The formula: (# unique link clicks / # unique opens) * 100 = click-to-open-rate
6. ROI (return on investment)
Calculating your ROI is really important for any form of marketing—it lets you know what you’re getting back for what you’re spending, and if what you’re doing is worthwhile. Email marketing famously has a high average ROI—studies have put it at 3,800 (PDF) to 4,400 percent. In other words, that’s between $38 and $44 for every one dollar you invest. So when you calculate your ROI, if you’re hitting much lower numbers, or even losing money, it’s time to look for the flaw in your approach. That could be anything from deliverability issues to mediocre offer. In theory, the other calculations you’ve done in this section can help point you to the area or areas that are negatively affecting your ROI.
The formula: (revenue from email campaign – money invested in campaign) / money invested in campaign * 100 = ROI
Online calculation tools
Each of these statistics can be calculated manually, but email marketing products like Jilt will do many of these calculations for you automatically. A handful of online tools also exist to quickly and accurately determine these numbers.

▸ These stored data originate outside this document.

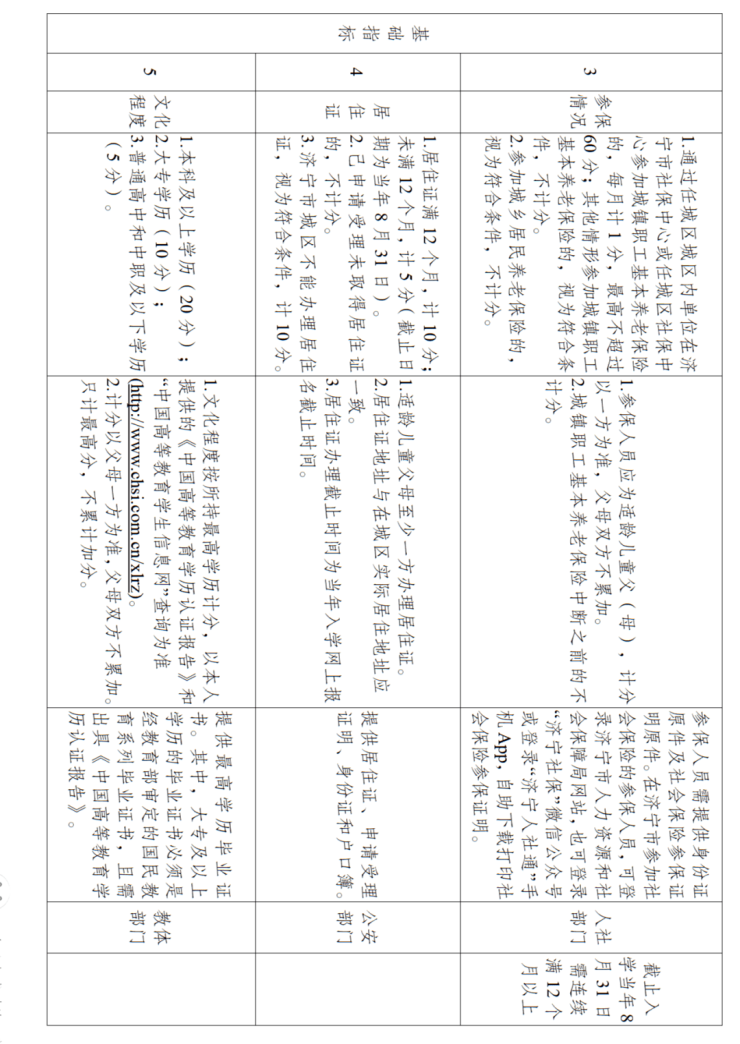 具体积分指标及分值详见《济宁市任城区进城务工人员随迁子女积分入学分值表》(见附件)。
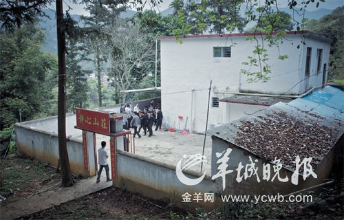 “靜心山莊”藏在羅浮山深處。從門外看,山莊和普通民宅并無二致,低矮的圍墻,簡陋的閘門, “靜心山莊”四個大字只在一張紅紙寫就,兩邊寫著“靜心排憂忘歲月”、“世塵不占待圣明”的對聯(lián)!翱吹礁浇愤叺闹甘九,還以為是什么‘國際大型會館’,找了幾次都沒找到,沒想到就這一座破房子! ”常來羅浮山旅游的黃先生告訴羊城晚報(bào)記者,他多次在附近游覽,都沒發(fā)現(xiàn)這座不起眼的小房子。
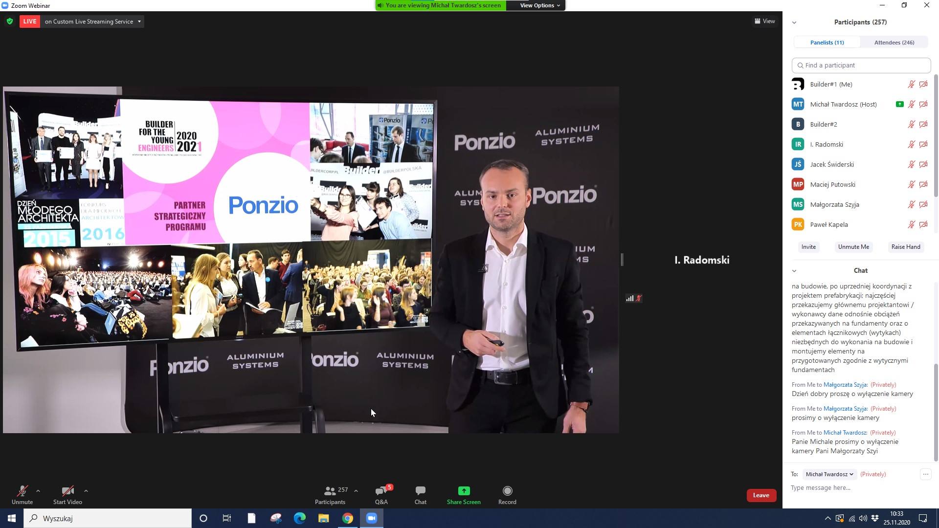 10.15 – 10.40 „Fasady, okna i drzwi aluminiowe w obiekcie budowlanym – rola, funkcje i wymagania” Paweł Kapela, Główny specjalista ds. wdrożeń projektów, Ponzio Polska Sp. z o.o.
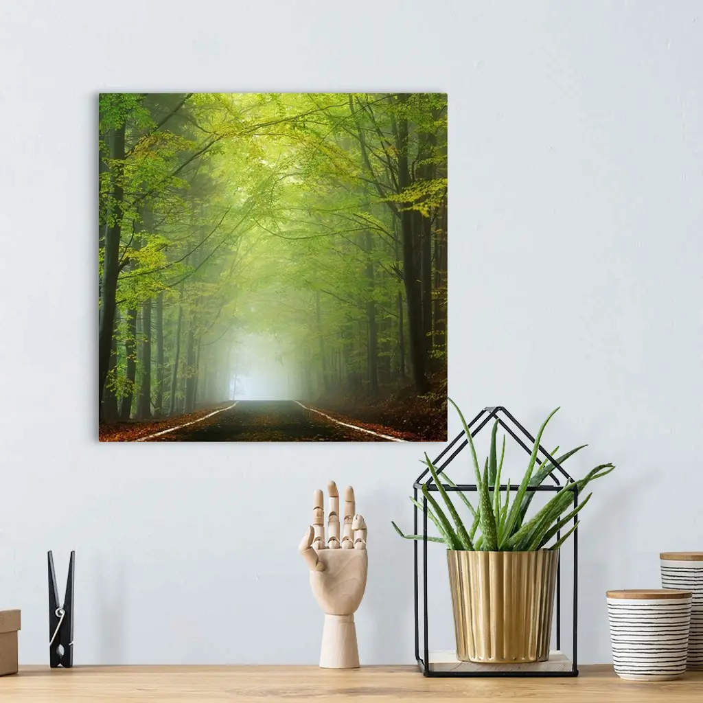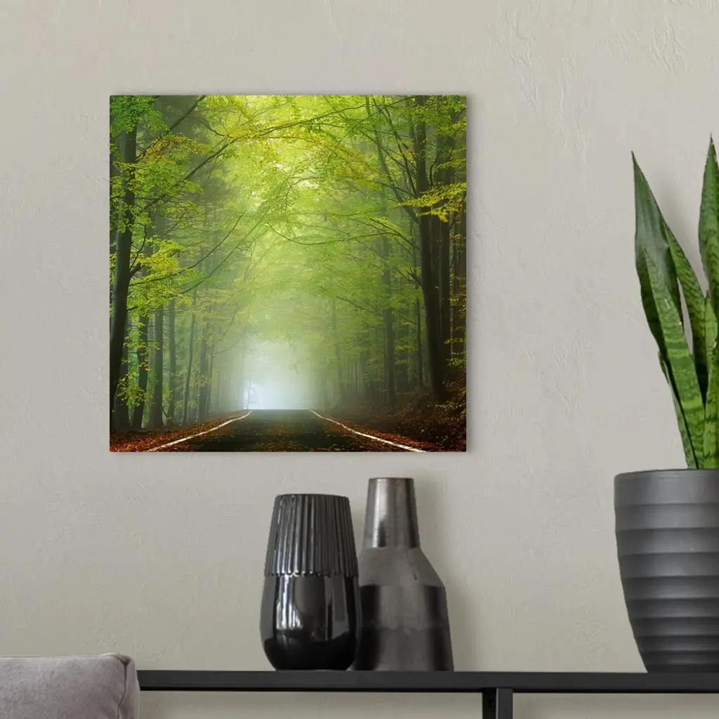 Photograph of a shrouded forest road with bright green foliage and dense fog in the distance.

- Sleeknote Email Marketing ROI
- To compute your total email marketing ROI, this tool takes into account several other previously mentioned factors like open rate, CTR, and conversion rate. Enter your company’s numbers, and the tool will spit out an ROI measurement, as well as other useful numbers, including cost-per-conversion and cost-per-opened email.
- Crazy Eye Marketing Email List Worth
- Download this Google Sheets spreadsheet and plug in information about your business to automatically generate calculations on things like RPS, CTR, open rate, and CVR.
- Email Marketing ROI
- Another way to determine email ROI, this tool calculates the number on a yearly, monthly, or campaign basis. You can adjust the sliding scale for open rate, CTR, and conversion rate to examine how your stats might change based on other components of your email strategy.
Email subscriber value reveals how much individual users are worth to your company and how much you should reasonably spend to acquire new leads. Other metrics, like open rate and CTR, can provide a more holistic view of your email marketing campaigns’ success.
Use on these calculations to determine whether your campaigns are succeeding and identify areas that may need improvement.